In March 1858 he was admitted as a student to the Royal Academy, and later that year became also a part-time apprentice wood-engraver to Josiah Wood Whymper in Lambeth, soon abandoning his Academy classes. During the two years of his apprenticeship he met fellow artists J. W. North and George Pinwell, and he continued to paint in his spare time, in oils and watercolours.

As illustrator

In 1859 Walker joined the Artists' Society in Langham Chambers, and from 1860 to 1865 achieved great success as a black-and-white illustrator for popular journals of the day such as Cornhill Magazine, Once a Week, Good Words, Everybody's Journal, and Leisure Hour. Much of his work in this period was engraved by Joseph Swain. He was introduced to the satirist and author William Thackeray, the Cornhill'''s editor, for whom he provided drawings, such as "Comfort in grief", for "The Adventures of Philip", initially published as a serial, then as a book in 1862. He also illustrated Thackeray's unfinished novel "Denis Duval", magazine stories by Thackeray's daughter Ann Ritchie – many of the drawings later reproduced in watercolour – and provided drawings such as "Summer days" for the Dalziel brothers, which appeared in two poetry books: "A Round of Days" and "Wayside Posies".

As artist
Walker produced his first important watercolour, "Strange faces" in 1862 at Yale Center for British Art, New Haven, and in the following year "Philip in Church", which won a medal at the Paris Exhibition of 1867. Walker exhibited at the Royal Watercolour Society from 1864 until the end of his life, becoming an associate member in February 1864 and a full member in 1866, entitling him to add the post-nominal initials RWS to his name.  In 1871 he was elected an Associate Royal Academician (ARA), and was elected an honorary member of the Belgian Watercolour Society in the same year.

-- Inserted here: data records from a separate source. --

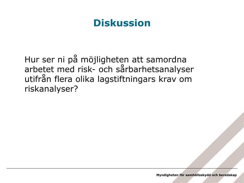 Diskussion Hur ser ni på möjligheten att samordna arbetet med risk- och sårbarhetsanalyser utifrån flera olika lagstiftningars krav om riskanalyser?
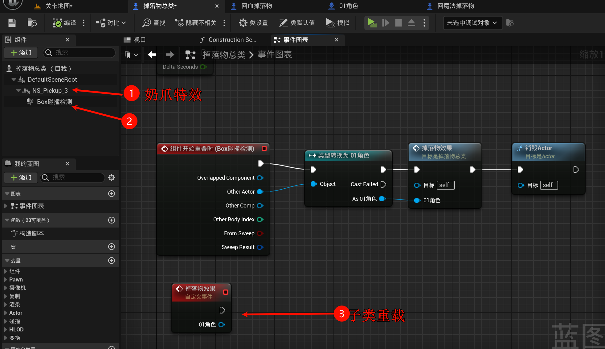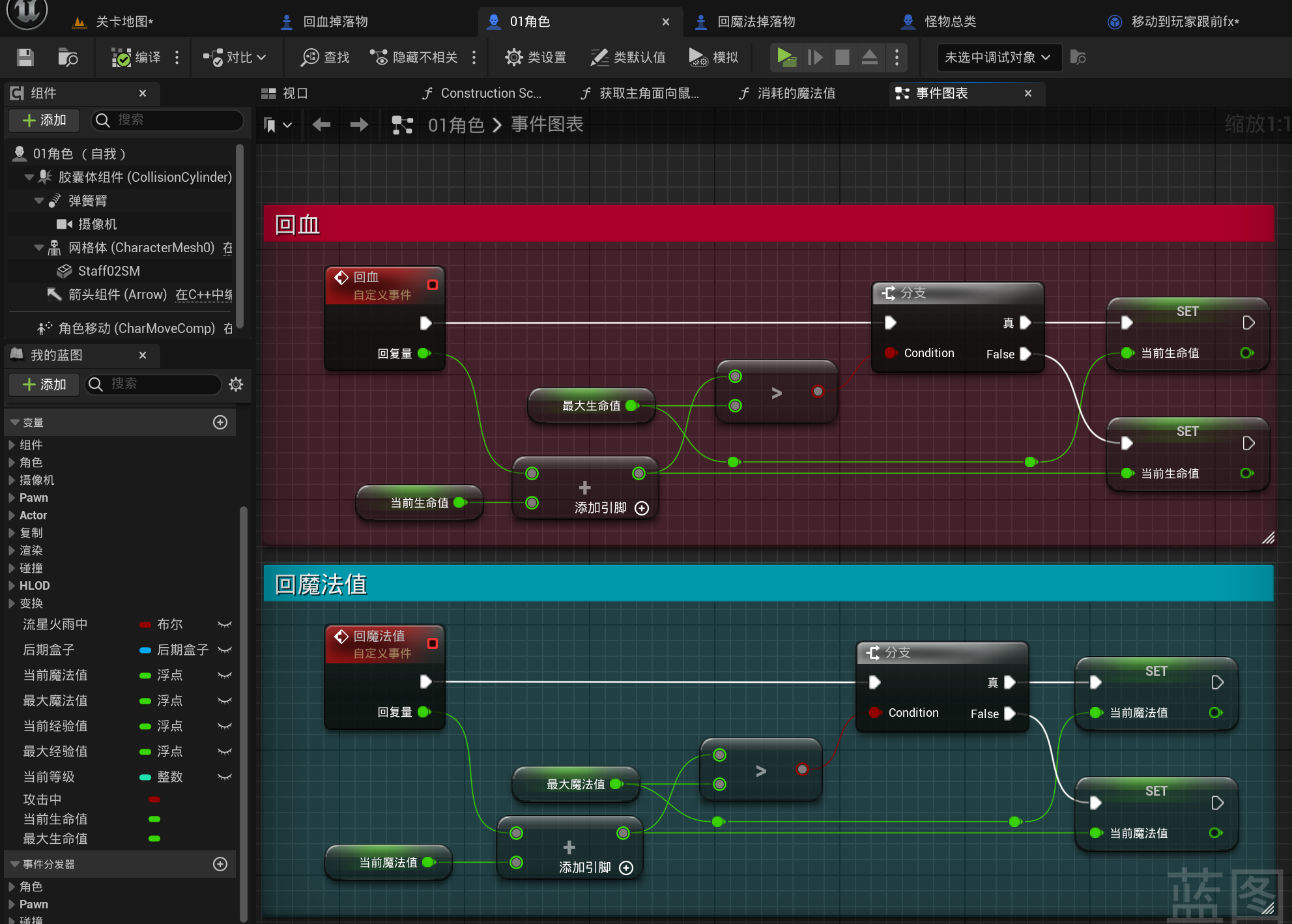 回血/蓝的逻辑写在角色里面, 然后掉落物的子类重载事件后调用角色的逻辑即可:
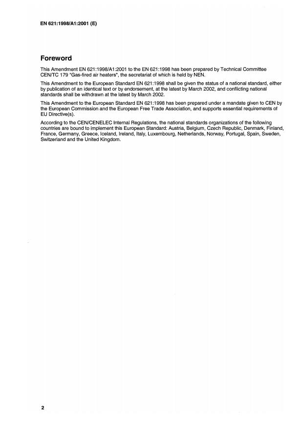 SIST EN 621:1999/A1:2002 is a amendment published by the Slovenian Institute for Standardization (SIST). Its full title is "Non-domestic gas-fired forced convection air heaters for space heating not exceeding a net heat input of 300 kW, without a fan to assist transportation of combustion air and/or combustion products". This standard covers: Migrated from Progress Sheet (TC Comment) (2000-07-10): A-deviation asked to CEN/TC 179 by Switzerland. Tc must confirmed.
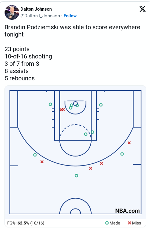 23 points on 16 shots, to go along with 8 assists and 5 rebounds is the sort of all-around masterclass that forces coaches to give a player more minutes.
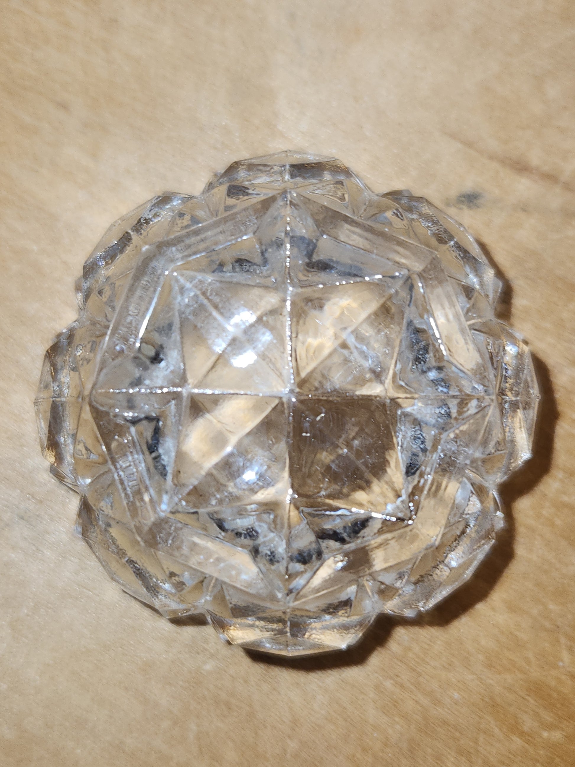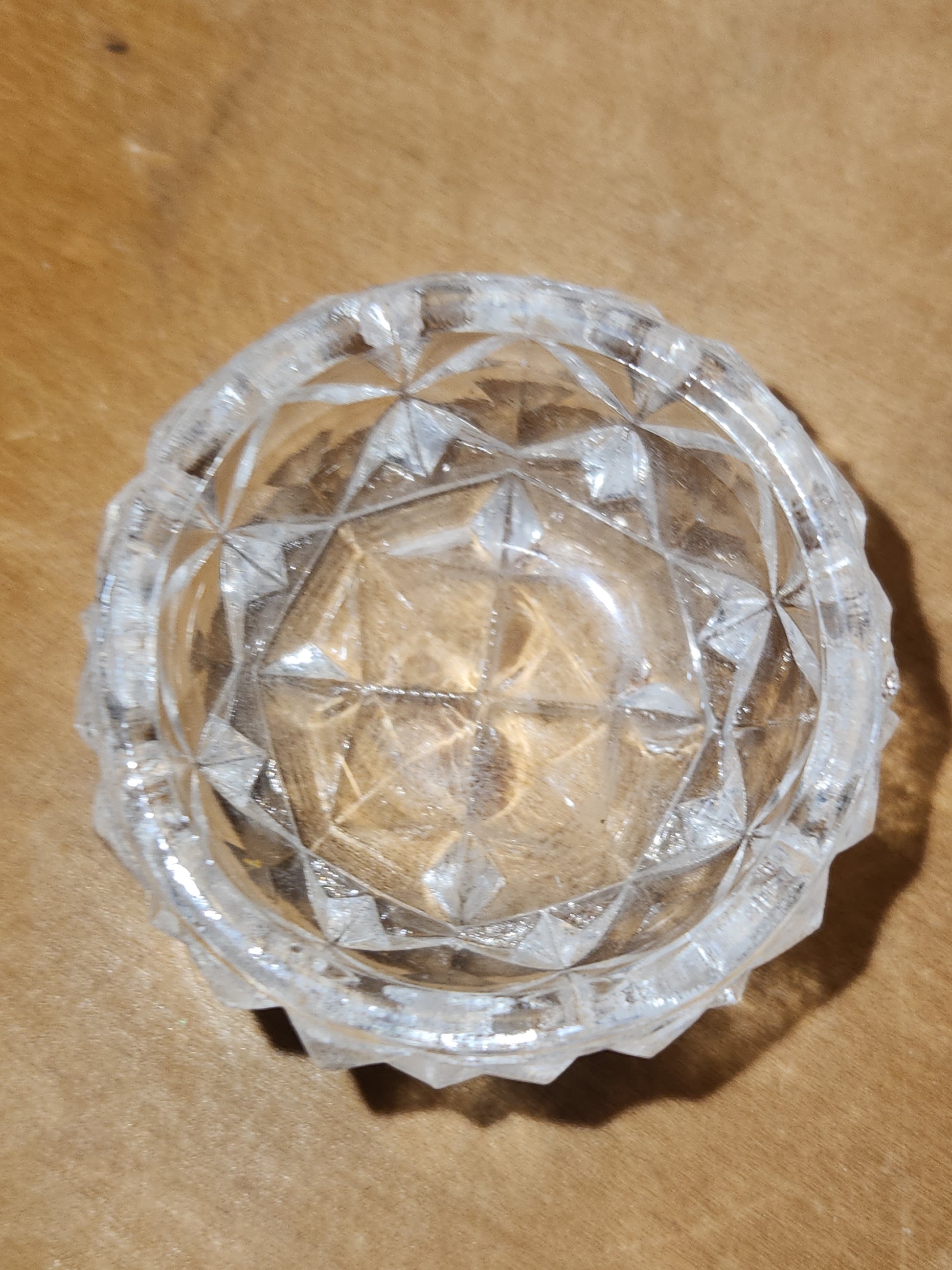Thisbset of salt cellars was well taken care of. I see nor feel any damage in the glass of any of them and I do not see any breakage in the spoons. The box has some shelf wear and a bit of staining on the top and more on the bottom. This is a beautiful set. The top diameter is 1 5/8" and 15/16" tall. Please see photos as they are part of the description
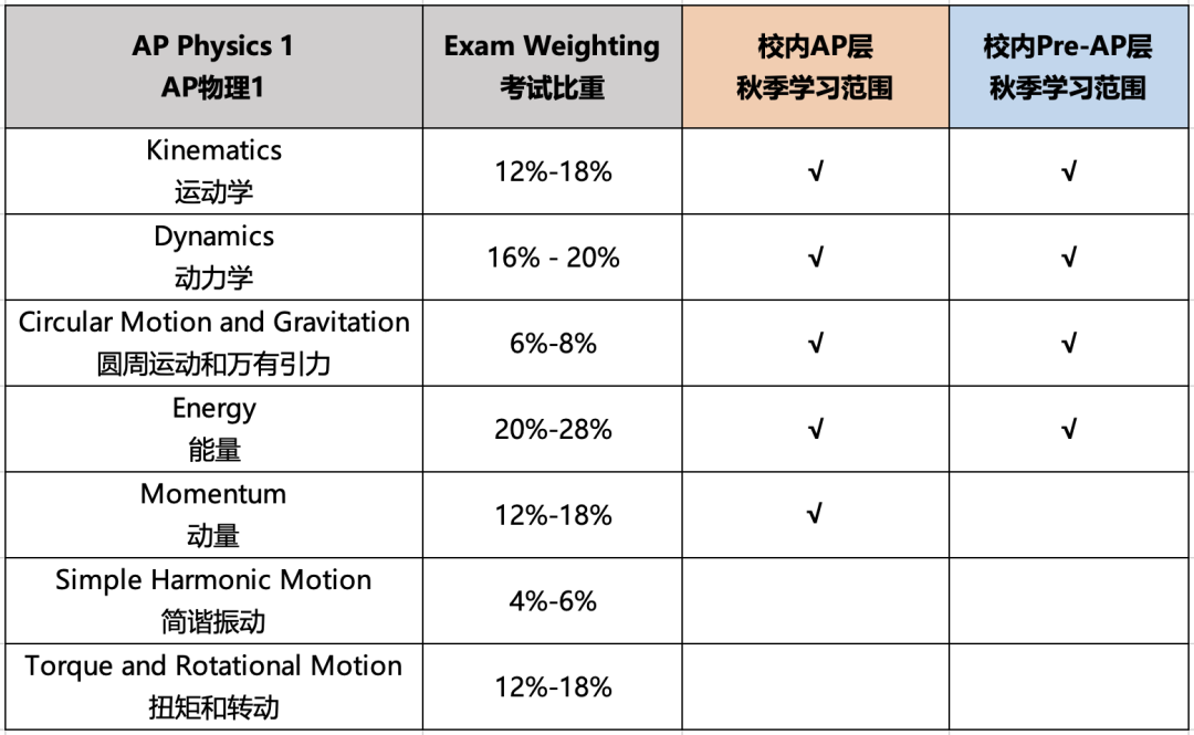 高一校内刚起步学习的物理课,跟物理1的考纲范围最为接近。AP物理1共7章,校内AP层在秋季一般学习前5章,进度更快一些,占 AP考纲知识点的60%左右(其中,学到「能量和动量」难度会大幅提升,在AP考试比重也很高)。校内Pre-AP层秋季一般学习前4章,学习进度更慢、题目练习难度也更低,秋季学期的内容无法触达很多AP考纲重难点章节。
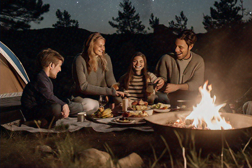 A heartwarming scene of friends and family gathered around a crackling campfire, bathed in the glow of a starlit sky. The warmth of the fire and the intimacy of the group create a cozy and adventurous atmosphere, perfect for an unforgettable camping trip.
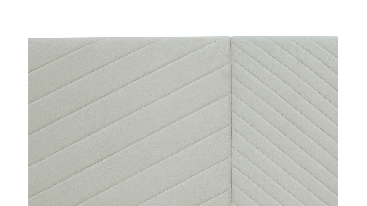 Revêtue d'un magnifique velours beige, cette tête de lit contemporaine est une pièce élégante. Le velours est un matériau raffiné au rendu luxueux et au toucher délicat. En l'invitant dans la chambre et en l'associant à un motif graphique, RIGA transforme le coin nuit en temple du chic. Le velours et les surpiqûres forment une duo parfait mêlant chic rétro et reliefs contemporains. La chambre devient un écrin de douceur et de raffinement pour des nuits royales.
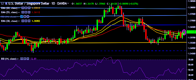 We prefer to take long position on USD/SGD around 1.3605, stop loss at 1.3590 and target of 1.3680.
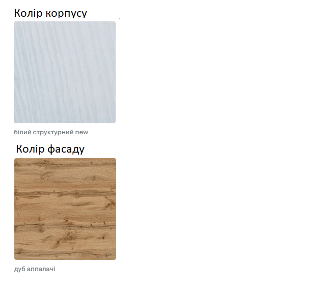 - Фасад: ЛДСП 16 мм без ручок. колір дуб аппалачі
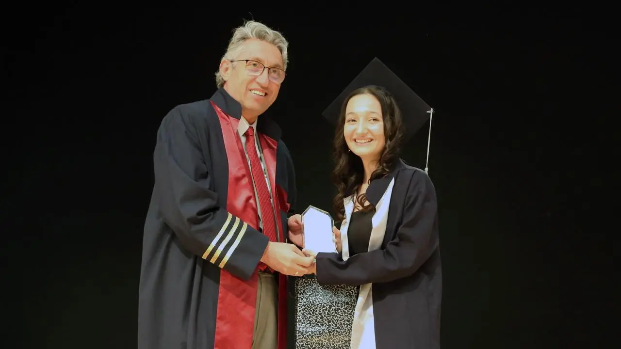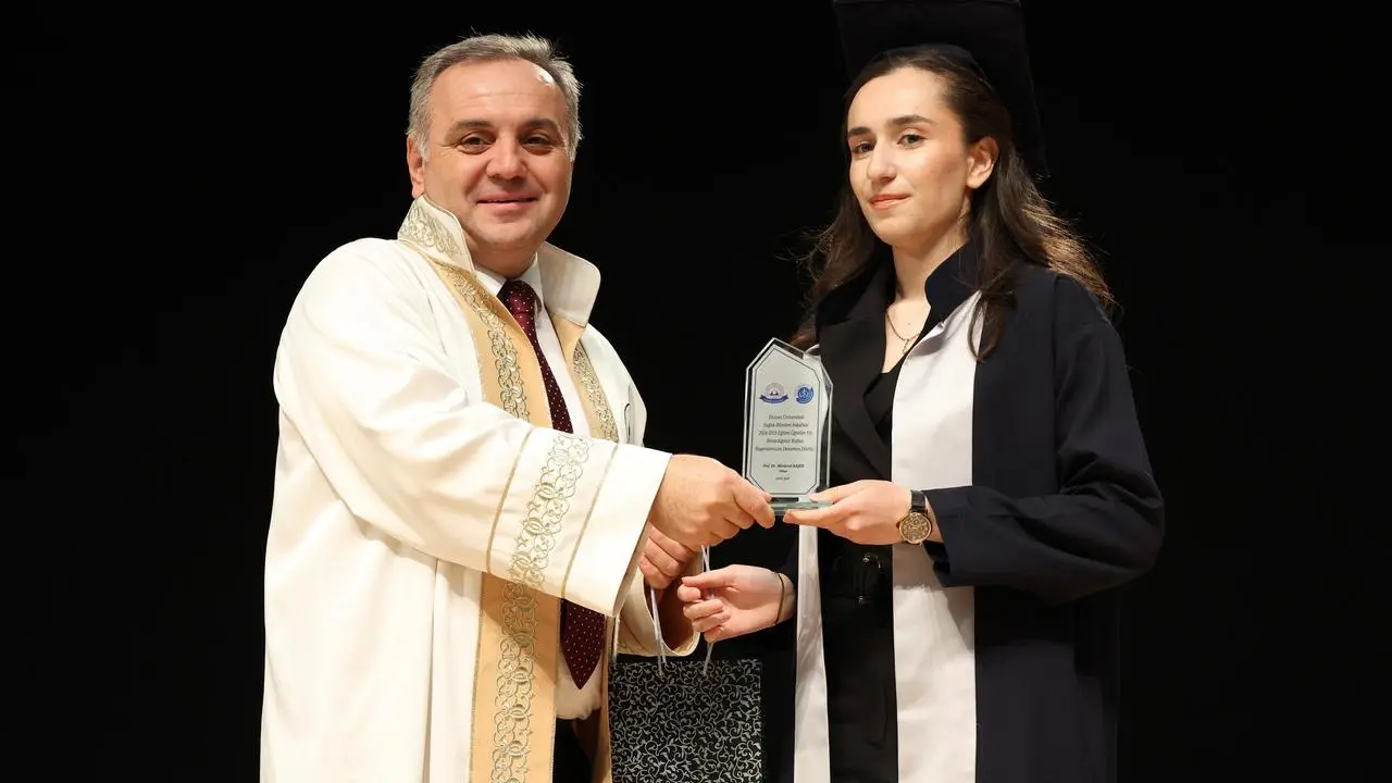 Dönem birincisi Servet Alemdar mezuniyet kütüğüne plaket çaktı. Mezunlar yemin ederek diplomalarını aldı ve tören sona erdi.
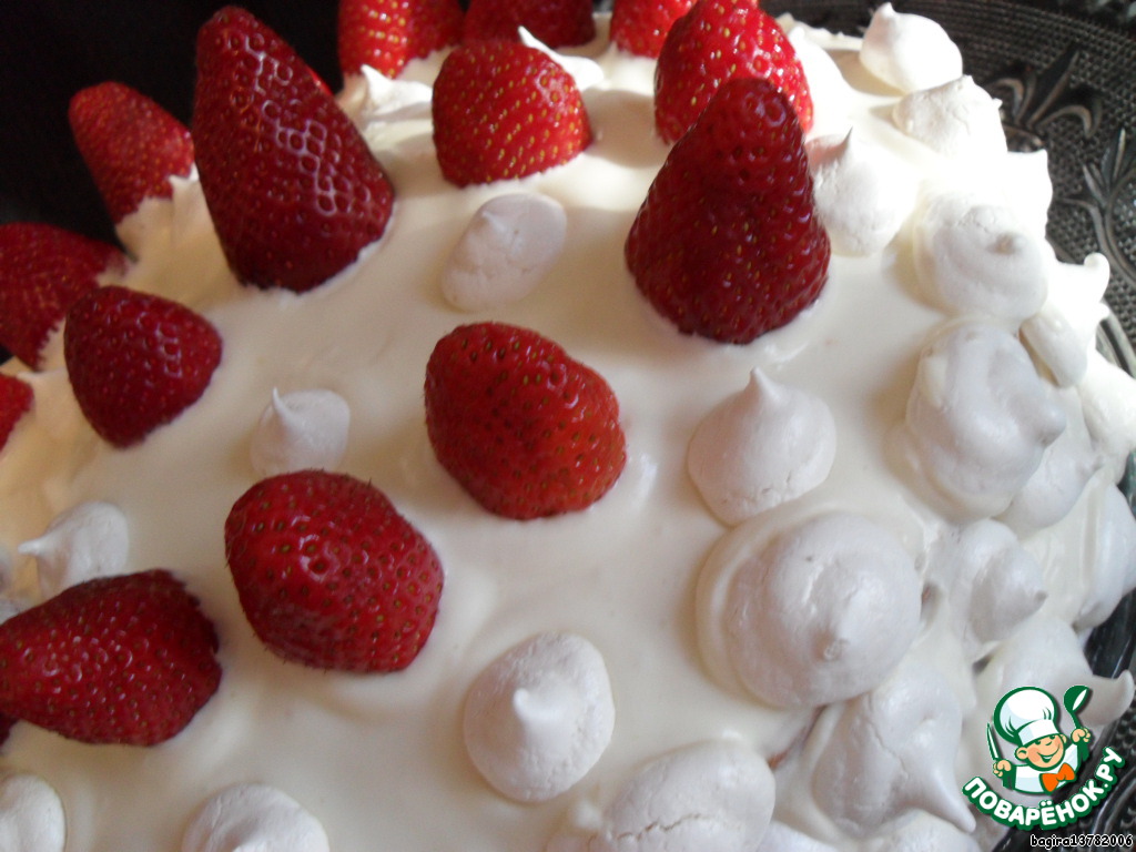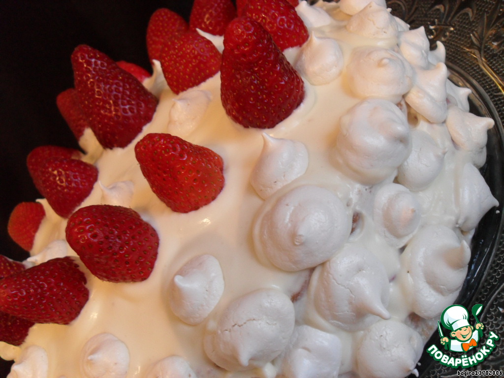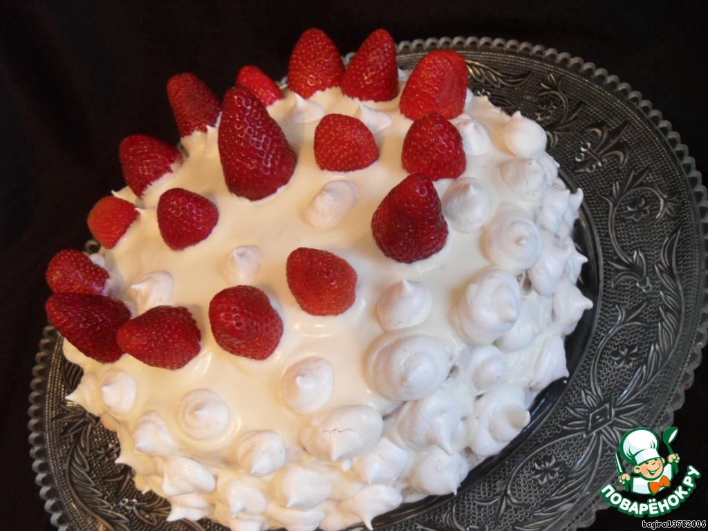 Боковины и верх торта украшаем меренгой. Целые ягоды укладываем на верх торта в виде колючек.
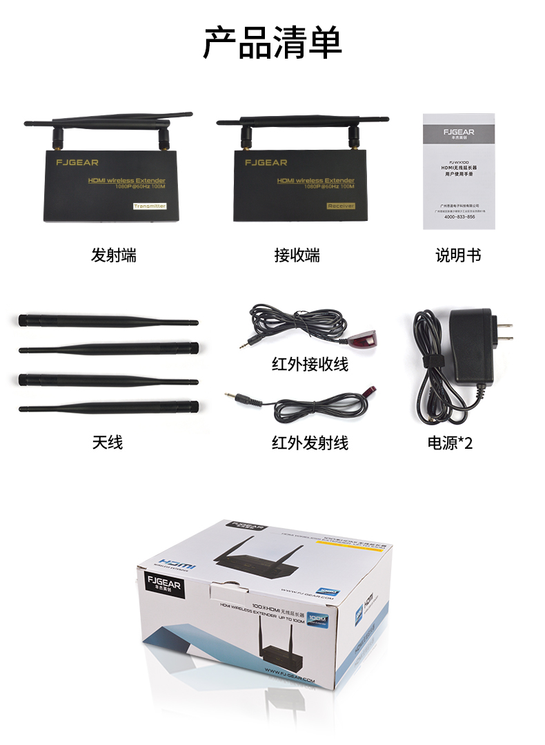 HDMI無線延長器采用無線TCP/IP協(xié)議通過無線信號5.8G頻段實現(xiàn)無線高清音視頻信號傳輸,
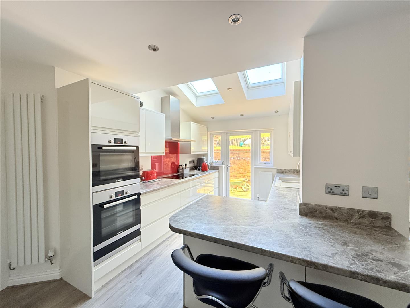 Fitted with a matching range of base and eye level units with worktop space over, matching breakfast bar, inset sink and drainer with mixer tap, integrated dishwasher, space for fridge/freezer, built-in eye level double oven and warmer drawer, built-in induction hob with extractor hood over, two double glazed windows to rear, two double glazed velux windows, two radiators, door leading out to rear garden.
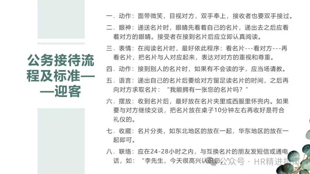 - 名片礼仪:递接均需双手进行,递送时先看名片再注视对方,接收后立即认真阅读,若有生僻字当场请教。递出后留足对方阅读时间,再礼貌求取名片:“我能拥有一张您的名片吗?” 收到的名片可暂时放在桌面(交谈时约 10 分钟),后续分类收藏,24-28 小时内主动联络,如发送问候短信。
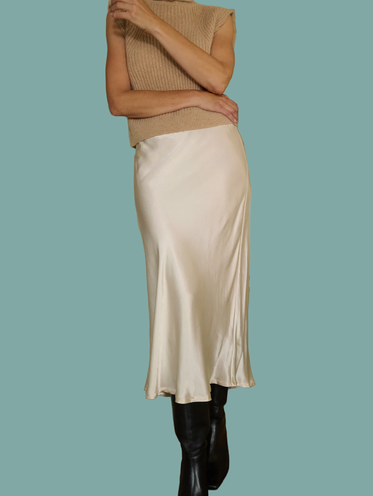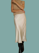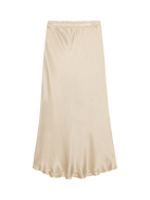 The Mabel Bia Skirt delivers effortless elegance with its bias-cut design that creates a flattering, streamlined silhouette. Crafted in luxurious Hammered Satin, this midi-length piece features a raw hem for an on-trend, relaxed vibe and an elastic waist for all-day comfort. Available in a soft Moonbeam shade that pairs with everything in your wardrobe.
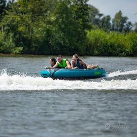Il Compound Towable 3P offre un divertimento versatile sull'acqua con una caratteristica unica: è possibile sgonfiare lo schienale e riporlo con la cerniera di chiusura per creare un traino a ponte piatto. Questa innovazione progettuale consente sia una guida confortevole sia un ponte piatto aerodinamico per diverse esperienze di traino. Costruito per durare e divertire, può ospitare fino a 3 persone e comprende 12 maniglie con protezioni per le nocche in neoprene, un connettore rapido per facilitare il traino e una camera di sicurezza con scarico dell'acqua. Costruito con una robusta copertura in nylon 840 denari e PVC 28 Gauge, questo traino è pronto per l'azione. Misura 106" x 84" x 29,5" (275 x 215 x 75 cm) quando è gonfio e viene fornito con una garanzia di 3 anni.

In 1863 Walker exhibited his first oil painting, The Lost Path at the Royal Academy of Arts. Thereafter he showed "Wayfarers" (1866, private collection), "Bathers" (1867, Lady Lever Art Gallery), "Vagrants" (1868, Tate, London), "The Old Gate" (1869, Tate, London), The Plough (1870; Tate Britain, London), At the Bar (1871; Untraced), The Harbour of Refuge (1872, Tate, London) and The Right of Way (1875; National Gallery of Victoria, Melbourne).

Final years

Walker never married, spending his life in London with family members: his brother John (died 1868), his sister Fanny (died 1876) and his mother (died 1874). They resided in Bayswater from 1863. He twice visited Paris in 1863 and 1867, and Venice in 1868 and 1870, in the latter case with a friend, William Quiller Orchardson. In 1873 he travelled to Algiers in a failed attempt to recuperate from a bout of tuberculosis that worsened until his death in June 1875 at St Fillans in Perthshire, Scotland. He was buried at Cookham.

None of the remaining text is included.